Yosef Akhtman: The rapidly growing human population in combination with depleting resources and undeniable risks of climate change exert increasing pressure on the food production systems worldwide. It seems imperative at this point that the agricultural industry should transition itself towards efficiency and sustainability. Precision agriculture in this context is a way to achieve this goal by optimising the use of resources based on situational awareness, informed data-driven decisions and process automation. 

 

Today, the large-scale industrial agriculture is based on highly mechanised processes that invoke heavy agricultural machinery that are being increasingly infused with sophisticated sensory and computational capabilities. Unfortunately, while these machines make the agricultural production cost-effective and significantly reduce the amount of required manual labor, they are not particularly friendly to the plants, the soil and the environment in general. 

 

Looking forward, we foresee the gradual transition towards smaller, agile, autonomous and interconnected agricultural machinery that will facilitate the combined benefits of large-scale industrial production with the widely accepted advantages of organic, sustainable agriculture that relies of complex cropping systems, support of biodiversity and holistics management of ecosystems. Evidently, such machines would require a substantial level of artificial environmental intelligence and Gamaya is aiming to play a major role in development and deployment of such technology.

 

Israel Fraier: There is no doubt that precision agriculture has the potential to overcome many of the problems of traditional agriculture.
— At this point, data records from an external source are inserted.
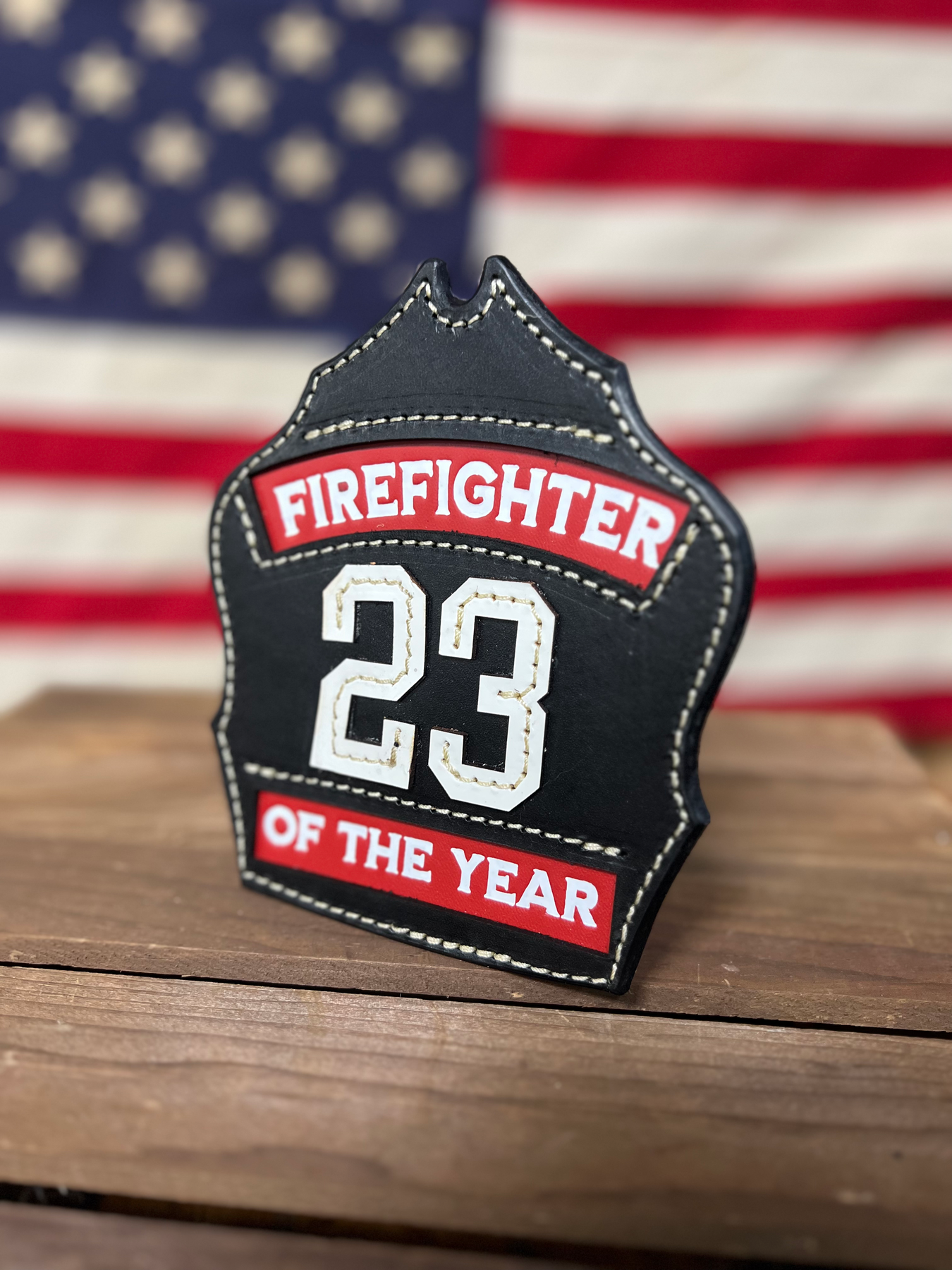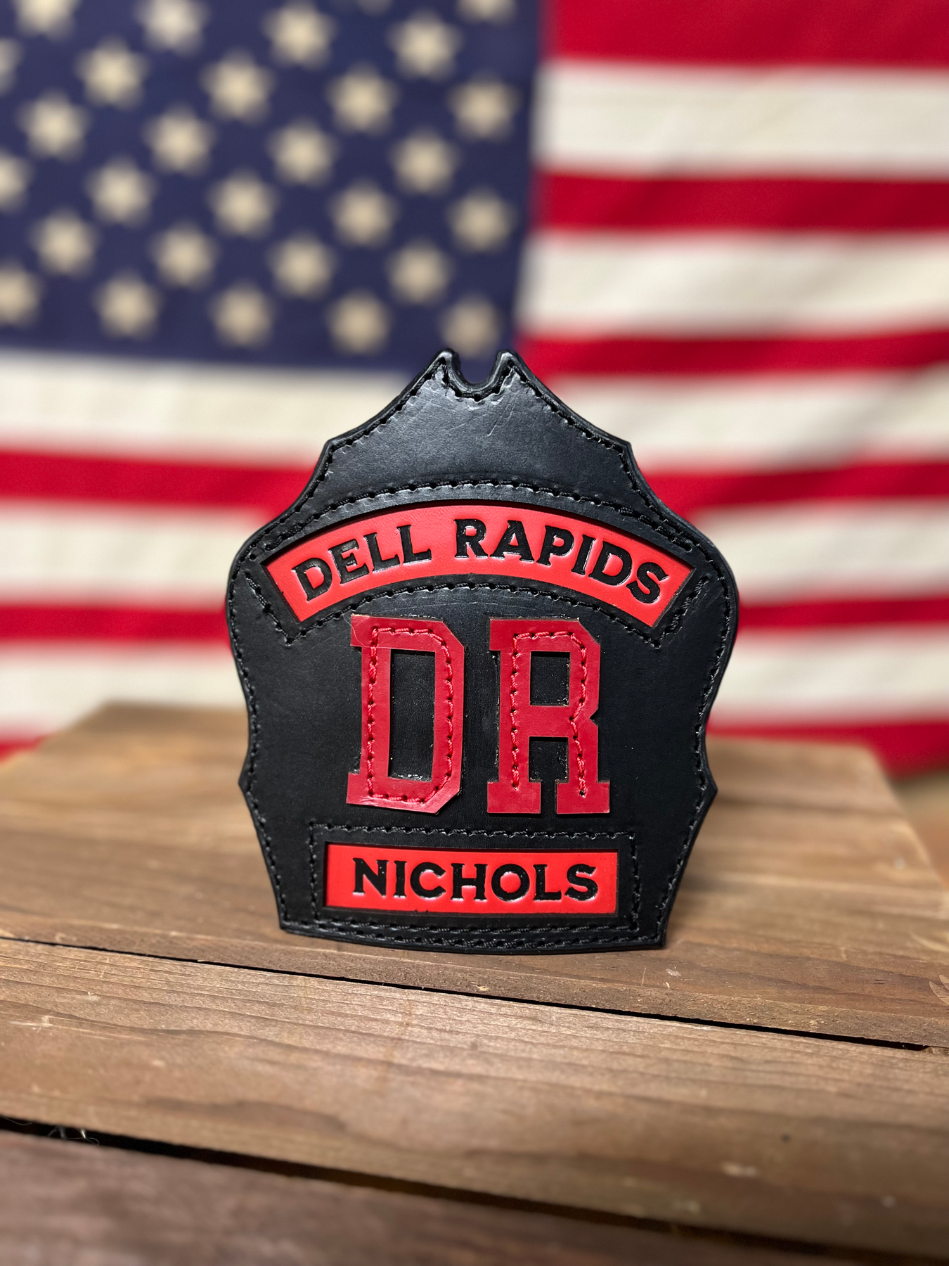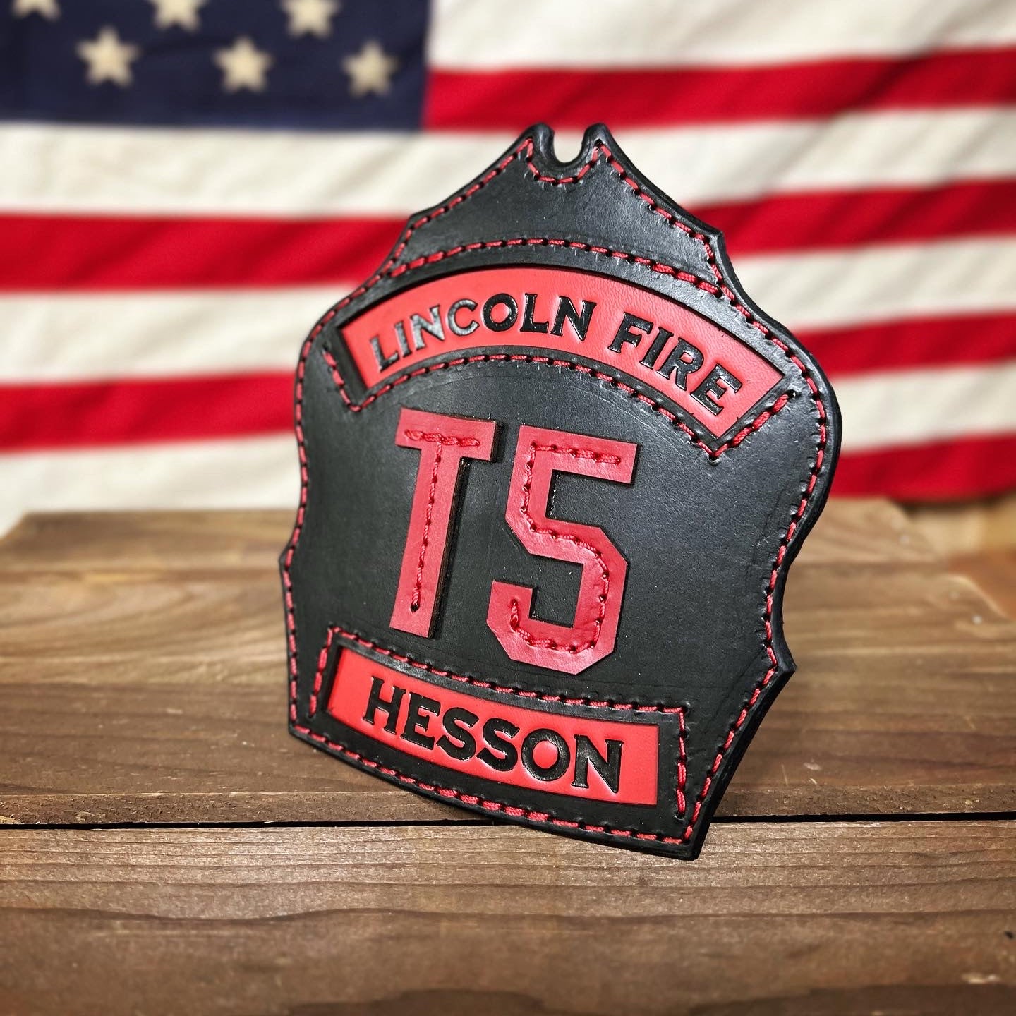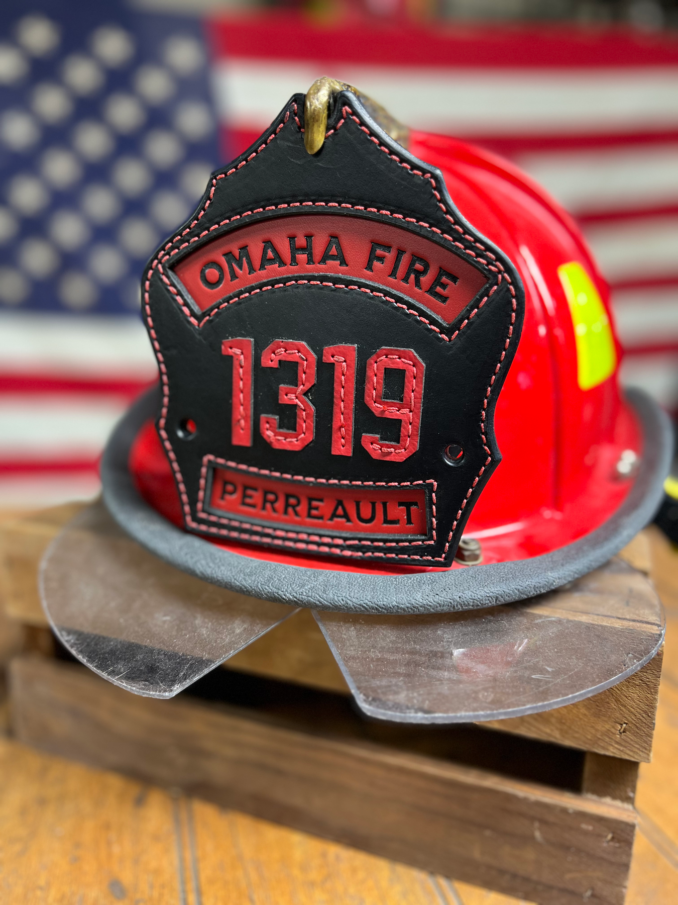 Our traditional style helmet front is handcrafted from top grain leather, and custom made-to-order. These feature top and bottom rockers, as well as raised characters in the center to show off your company assignment or ID number. Rocker text is custom stamped and hand painted, no stickers here!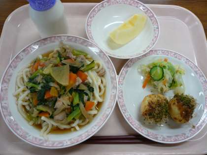 今日のたこ揚げくんは、じゃがいもを蒸してつぶし、片栗粉、刻んだキャベツ、たこを混ぜ、丸めて揚げています。ソースは中濃ソースに砂糖を混ぜたものとあおのり、おかかをかけて食べました。つぶしたり丸めたりするのに手間のかかるメニューですが、初めて食べる1年生は楽しみながら食べてくれたようです。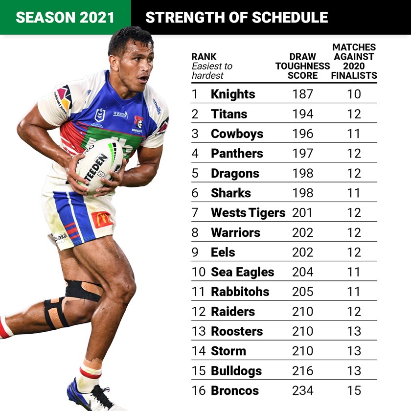 According to an analysis of the draw based solely on the strength of opponents, the Broncos face the trickiest fixture list of all with a pair of 2021 games against seven of the eight finalists from the 2020 season.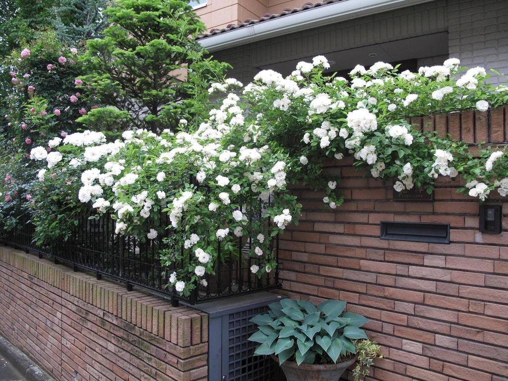 北側の門柱に誘引されて静かにお客様をお迎えします。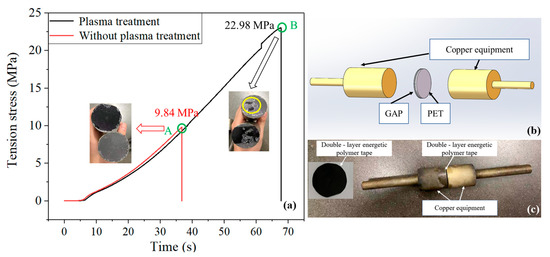 The double-layer tape was clamped to the middle of the copper tool with high-strength glue, and the adhesion between the PET and GAP pre- and post-plasma treatment was tested by the tensile testing machine. The results are shown in Figure 4. It can be seen from the figure that the tensile stress without the plasma treatment was about 9.84 MPa, as indicated at point A in the figure. After the plasma treatment, the tensile stress was about 22.98 MPa, as indicated by point B in the figure. The tensile stress was increased by about 133.5%. By comparing the surface of the joint after the tooling was pulled apart, it can be found that the GAP and PET were separated thoroughly without the plasma treatment, leaving no residual components. However, after the plasma treatment, the separation of the GAP and PET were not complete enough. There was still a small amount of residue on the surface of the PET. This showed that the adhesion of the PET surface was obviously enhanced after the plasma treatment [33].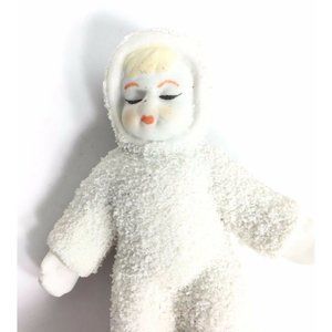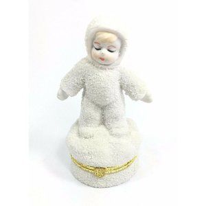 Trinket Box Porcelain Hinged Little Girl in Snow Suit Unmarked

However, currently there is a very high adoption barrier that impedes farmers and ag-businesses from adopting modern technologies, making it a very slow process. AgriTask has proven that by using the farmers know-how and experience, this adoption process can be made much easier and faster. 

 

Given this bridge between farmers and ag-organizations’ existing work habits and the already available ag-technologies, I believe the adoption of precision agriculture will grow exponentially. When this happens, we will see a consolidation in the market, driven by the need to offer end-to-end solutions to customers rather than multiple partial solutions that are being offered today.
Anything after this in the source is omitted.